Ещё несколько дней назад подобные думы наверняка сопровождались бы у Ильи улыбочкой превосходства, обращенной в виртуальное социальное пространство к отсутствующим оппонентам и людям, всё ещё придерживающимся отсталых взглядов. Теперь эта улыбочка гасилась режущим под ребрами воспоминанием о последнем унижении, которое претерпел Илья, доставая дефицитный стройматериал, нужный ему для строительства, в которое он ввязался через неосторожно приобретенное жильё; и теперь, влекомый кармой собственника и соседа стал попадать в ситуации, привычные для рядовых советских граждан, но которых Илья тщательно избегал, оберегая свою честь праведника...
Таких скорбных воспоминаний накопилось у Ильи немало, – но это последнее стало каплей переполнившей чашу. Достаточно сказать, что Илья давно не рыдал от обиды, может быть, со
времён далёкого и не безоблачного детства, – а тут, воротившись со склада, Илья бросился на кровать и зарыдал безудержно и тяжело... После этого Илья вдруг ощутил себя совершенно ничем, пустым местом: он разом потерял способность чувствовать какую бы то ни было правоту свою в мире, – а вместе с последней и способность бороться за какую бы то ни было «правду», и способность кого-либо осуждать или поучать. Поначалу он растерялся, ему было тяжело, казалось, что всё рухнуло. Но подспудно Илья знал, что рухнуло отнюдь не всё, а как раз только то, что давно ему мешало. В сущности ведь Илья был чрезвычайно горд, несмотря на видимую простоту и способность выносить внешнее унижение от волею выбранного низкого общественного положения. Но на деле статус его был низок лишь по внешности; неформально же это был статус сопротивленца, неподдающегося, «диссидента» – чрезвычайно высокий статус. К тому же и тайная политическая полиция, возясь за спиной Ильи, ещё придавала блеск его диссидентскому ореолу, окружая его фигуру сияющим облаком тайны и недоступности для простых смертных, уделяя ему величие своего рода «каиновой печати». И он привык к почитанию, и восхищению, и зависти со стороны ближних, не признаваясь себе в этой привычке; и поддерживал своё нелегальное реноме в глазах других, никогда не опускаясь до низменных житейских интересов.... А тут вдруг опустился..., и не справился с ситуацией. Подмостки рухнули, и с ними рухнул Илья, но не разбился. И хотя ему стыдно было снизу, из груды обломков подымать глаза к Небу, всё же сквозь поднятую пыль из глубины души пробивался свет благодарности Господу, который устроил так, чтобы уничтожить гордость Ильи, и тем способствовать его Спасению. Близки стали Илье непонятные раньше слова Псалмопевца о том, что Господь сокрушает сильных и принижает высящихся.
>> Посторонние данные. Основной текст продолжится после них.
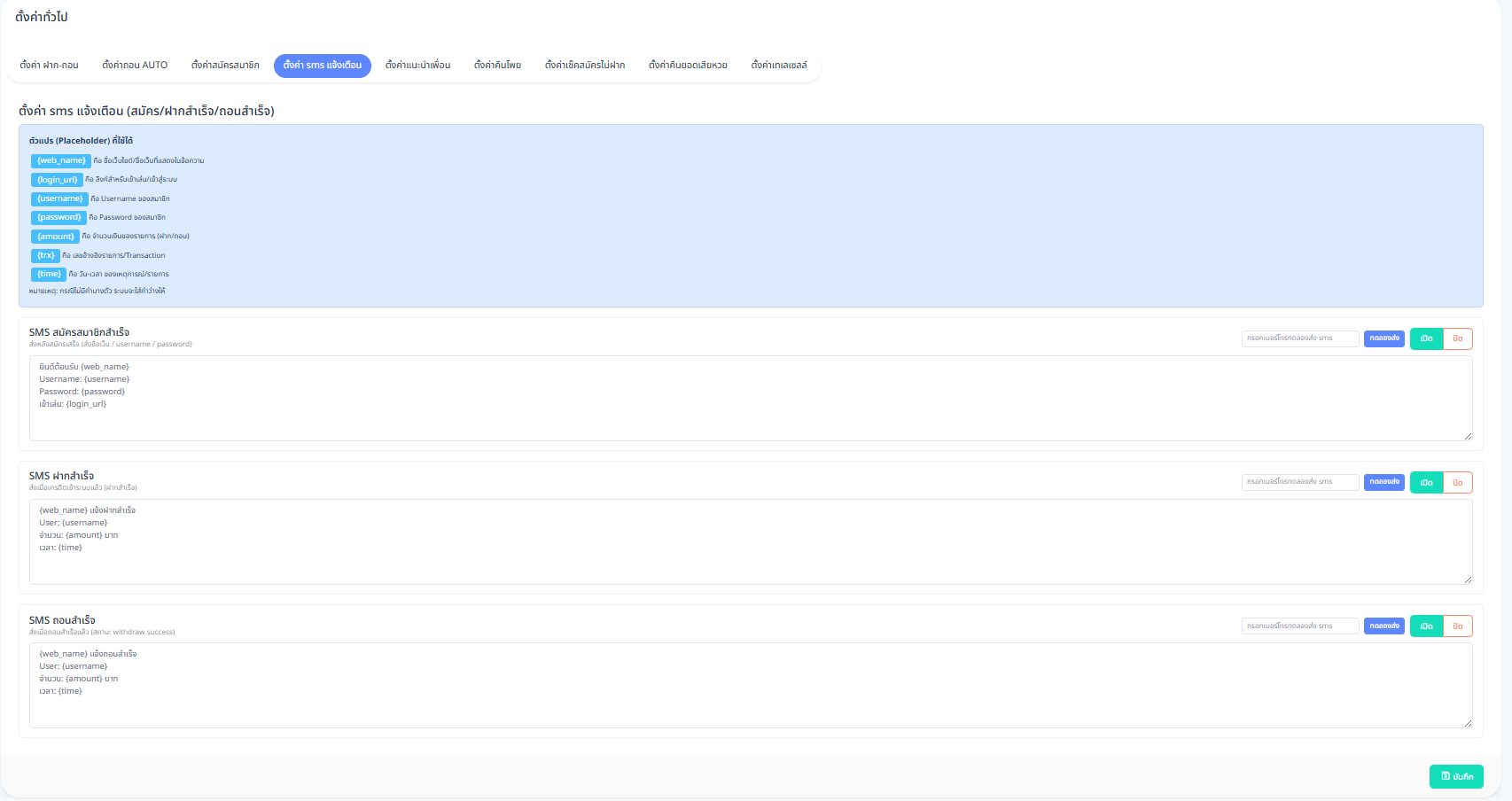 เมนู ตั้งค่า SMS แจ้งเตือน ใช้สำหรับกำหนดรูปแบบข้อความ SMS ที่ระบบจะส่งแจ้งเตือนให้สมาชิกในกรณีต่าง ๆ เช่น สมัครสมาชิกสำเร็จ ฝากเงินสำเร็จ และถอนเงินสำเร็จ โดยสามารถปรับแต่งเนื้อหาข้อความได้ตามต้องการผ่านตัวแปร (Placeholder)

В том, что унижен он был не случайно, а по Воле Его, Илья убедился, когда заметил изменение в своём отношении к Обладателю Вечности, которое теперь стало менее рациональным, догадливым, но истинно религиозным, знающим. Раньше ведь Илья претендовал на личное обòжение и бессмертие и казался себе в этом деле активной стороной, неким «трикстером», разузнавшим, – не в пример прочим дурачкам, – где лежат молодильные яблоки, и старающимся добыть именно их, а не обманчивые преходящие блага. То есть Илья думал, что он может, познавши истину «практического разума», и обретя настоящий «категорический императив», впитать в себя от «божественной сути», и она убережет его от тления и обеспечит ему жизнь иную, в лучшем мире, чем этот. Теперь же, познал себя, как прах, не годный ни на что и, вне всякого сомнения, обречённый смерти, Илья уже не претендовал ни на какое самоценное своё бытие. Он ясно понял, что ему совсем и не нужно жить, ибо в общем мирозданьи нет у его жизни никакой положительной цены, и что единственным его упованием и осветляющим переживанием остаётся жизнь Иисуса Христа, которого он узнал как живого и сущего в этом мире, среди людей, хотя и невидимо, бестелесно, в сфере интимного переживания, но вполне персонально и независимо. Жил бы Христос! – в нём моя сладость. В себе же Илья находил лишь горечь, поэтому о себе и не вспоминалось.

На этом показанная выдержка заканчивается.